Your task: Return, exactly and in full, the lines of the records below starting at the one with "1年生はペア学習をしました。友だちと一緒に学ぶのは楽しいようです。" and ending at the one with "Fresh Lemons Whole", and no other lines.

Material supplied:
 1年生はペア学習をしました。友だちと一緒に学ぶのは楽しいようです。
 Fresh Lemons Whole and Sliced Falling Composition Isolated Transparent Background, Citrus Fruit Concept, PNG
--
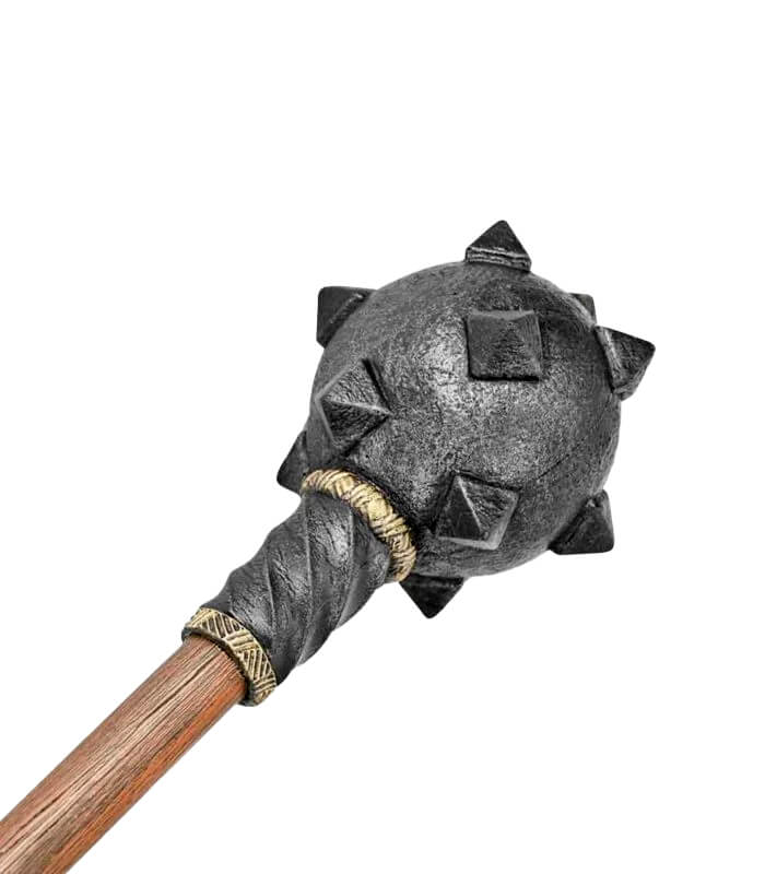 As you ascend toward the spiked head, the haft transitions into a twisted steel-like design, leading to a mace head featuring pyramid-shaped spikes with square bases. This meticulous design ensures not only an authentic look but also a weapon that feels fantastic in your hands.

Written answer:
 1年生はペア学習をしました。友だちと一緒に学ぶのは楽しいようです。
 Fresh Lemons Whole and Sliced Falling Composition Isolated Transparent Background, Citrus Fruit Concept, PNG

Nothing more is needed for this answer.